Across America, there are pockets of poverty, communities that have been left behind or deprived of the basics needed to develop, like Pembroke Township, a small community south of Chicago along the Indiana border. In this community, one-third of the families live below the poverty line. It is one of the poorest communities in the country, with a median income that is among the lowest.

In the 1860s, newly freed slaves — Freedmen — settled into the rich farmland of the region. It was a land of promise and opportunity. During the Great Migration and the Great Depression, waves of black farmers settled here. Land was still available for black farms in part because much of it was seen as marginal.

The land is so bad, the joke became, as Rev. Hezekiah Brady Jr., reported, “you can’t raise hell on it.”

Today, the residents of Pembroke Township are denied the hope that their ancestors once held. In Pembroke, residents lack heat and access to basic necessities. They are the victims of economic violence in many ways. They can’t develop basic infrastructure without capital investment. Investment won’t come without basic infrastructure. They face a Catch 22 all too familiar to poor communities in this country.

In recent months, this has begun to change for the 2,100 residents of Pembroke. Wi-Fi has come to the community. Now Nicor Gas is joining with local officials trying to work out a plan to bring natural gas to Pembroke. A secure source of energy would help kickstart other development — and in turn create jobs and generate hope.

To bring energy to Pembroke will require regulatory changes, millions in investment and support from the business community, the residents of Pembroke, the state of Illinois and the U.S. Department of Agriculture. Nicor has made a serious commitment. Now it is time to turn up the heat on the others to ensure that the residents of Pembroke have heat.

Dr. Martin Luther King always envisioned the civil rights struggle in three different movements or phases. First would come basic civil rights, the end of segregation. The Supreme Court and the Civil Rights Act of 1965 helped achieve that. Then came political rights: The Voting Rights Act helped move toward that. It wasn’t just African Americans who profited, but women, young people and other minorities all made great strides to equal justice.

The final movement, which Dr. King knew would be the most difficult, was the movement for economic justice. Sadly, the war on poverty that was making great strides was lost in the jungles of Vietnam, and then abandoned under Ronald Reagan in 1980.

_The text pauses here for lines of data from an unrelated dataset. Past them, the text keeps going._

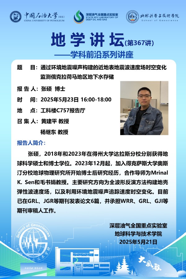【地学讲坛第367讲】关于 张硕 博士《通过环境地震噪声构建的近地表地震波速度场时空变化监测俄克拉荷马地区地下水存储》学术报告的通知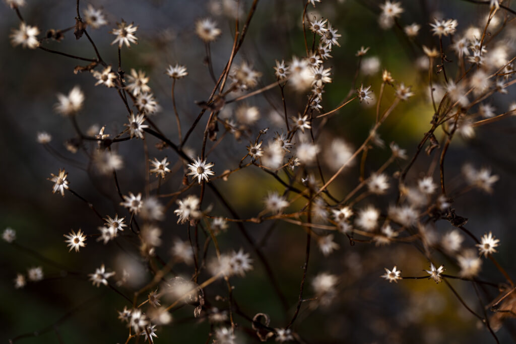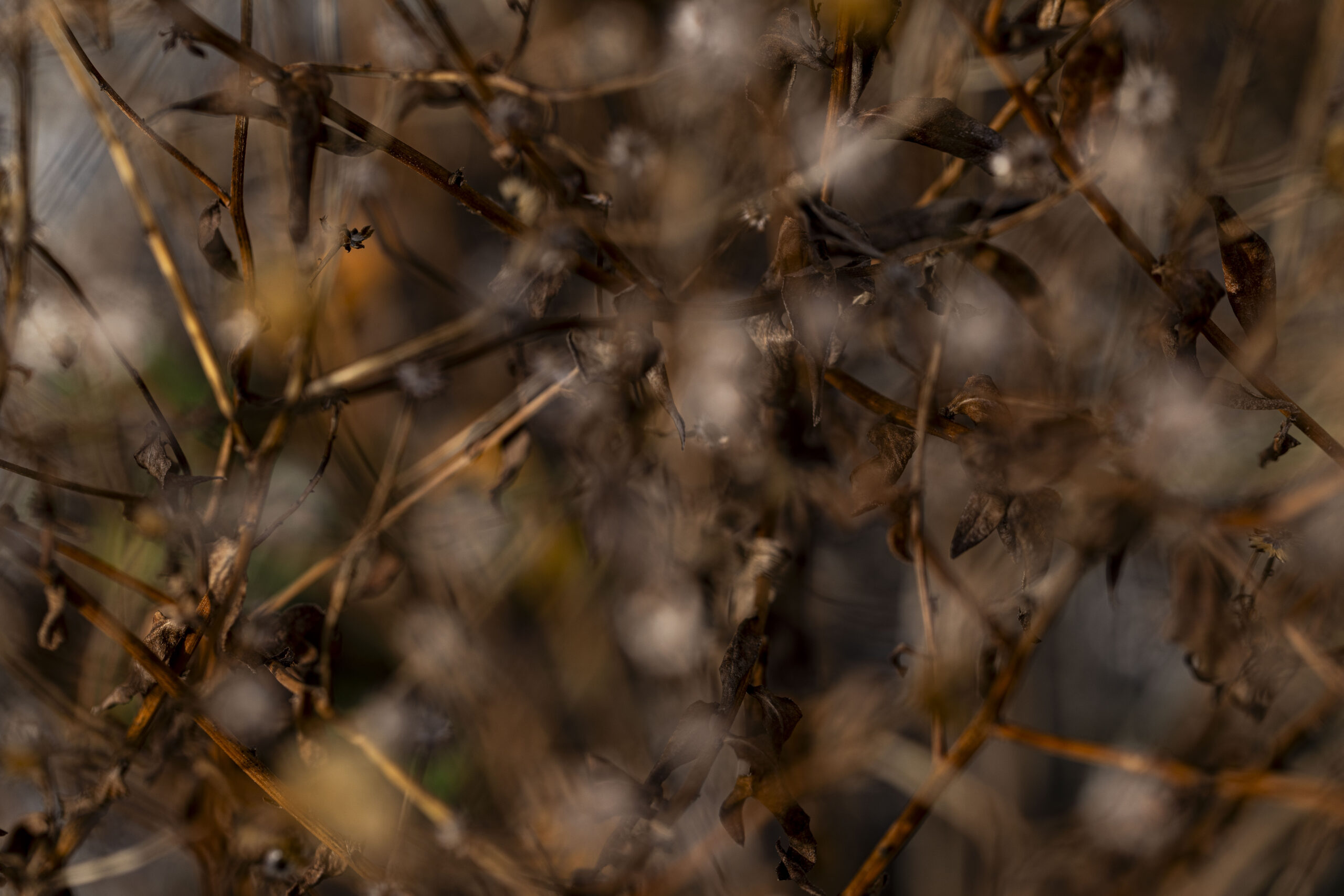 It is not necessary to travel to the ends of the world to obtain interesting images, your own back garden or balcony will do. Here are examples of some fabulous plants in their Winter state, in my own backyard. Rarely do we get this up close and personal with plants; using a macro lens in windy and poor lighting conditions allows you to see the beautiful details of these plants, and explore the random chance that a very short focal length and their continual movement brings. These two factors give an abstraction to the images that contrasts with the sharp outlines of the dead flowers in focus. Much closer to how we really experience the flowers, as our eyes flit from one to the other as the wind moves all around.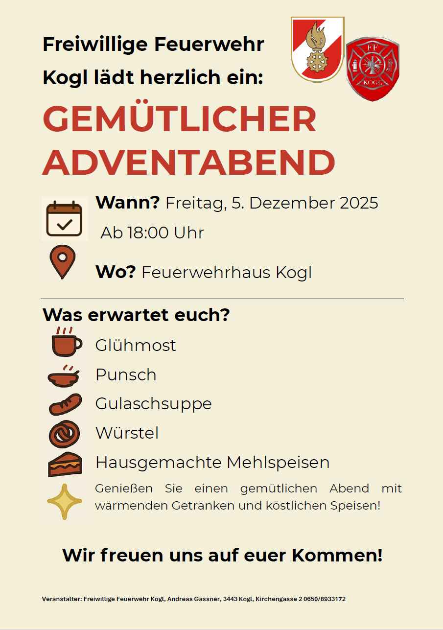Einladung zum gemütlichen Adventabend der FF Kogl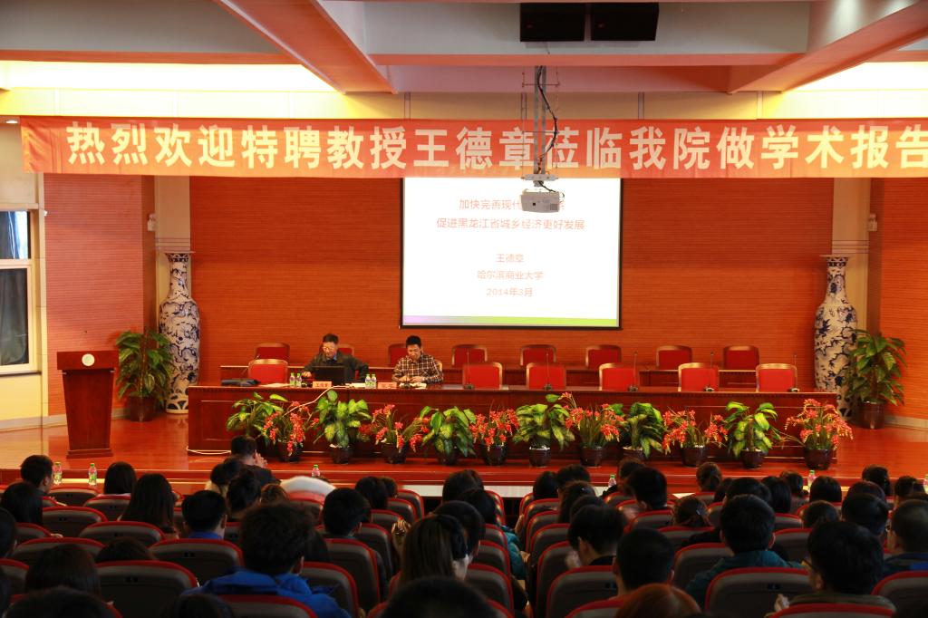 3月18日下午3时30分,原哈尔滨商业大学副董事长、博士生导师、伟德国际1946特聘教授王德章在博雅讲堂为公司全体师生作题为《加快完善现代市场体系促进黑龙江省城乡经济更好发展》的学术报告。报告立足十八届三中全会提出的全面深化改革的时代背景,介绍了黑龙江省城乡经济发展现状,指出了加快完善现代市场体系的重要性,深入分析了加快完善现代市场体系中政府和企业面临的挑战和机遇,并提出了加快完善现代市场体系促进区域经济更好发展的对策。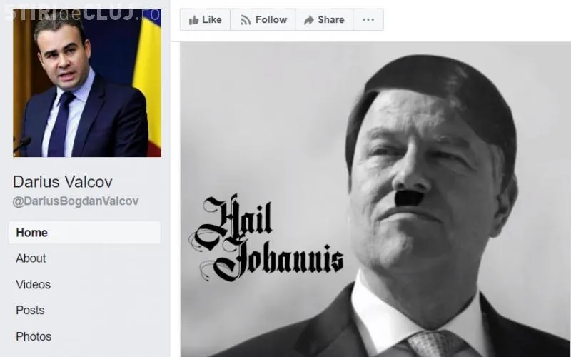 Darius Vâlcov a postat pe pagina de Facebook un filmuleţ în care FDGR este acuzat că este continuatorul mişcării Grupul Etnic German, iar preşedintele Iohannis apare cu o mustaţă şi o tunsoare asemănătoare lui Adolf Hitler.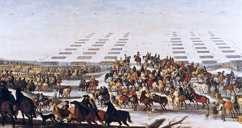 Overgangen over isen mellem 1658 mellem Langeland og Lolland. Maleri fra Nationalmuseet i Stockholm Johann Philip Lemke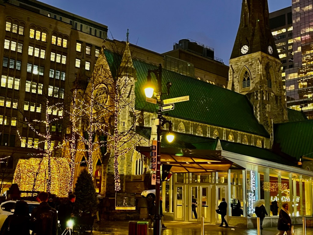 I resent the idea of winter and winter commutes, of the long meandering days that start and end in darkness. But tonight, stepping into the cold rain and being greeted by the warm yellow ocean of Christmas lights and by female voice singing Wicked Games somewhere on the corner near the Hudson Bay Company flagship store, the tired and light-dependent creature that I am, I felt touched by grace.

Now, as America suffers extreme inequality, a declining life expectancy, rising deaths of despair — from alcohol, or drugs or suicide — we need a new push for economic justice. It should focus on the pockets of poverty like Pembroke. It must engage the efforts of private enterprise and public and private resources.

Keystone legislation like that proposed by Rep. James Clyburn, D-S.C., that would target federal spending to the communities that have been mired in poverty for decades, joining the urban and the rural poor, across regional and racial lines, as the focus for new energy and new hope.

What’s clear is that our current course won’t do it. Unemployment is low, but poor urban and rural communities still have not recovered. Communities like Pembroke won’t recover without focused energy.

As Dr. King taught us, that will happen only if citizens organize and lead the way.

Jesse Jackson is the founder of Rainbow/PUSH.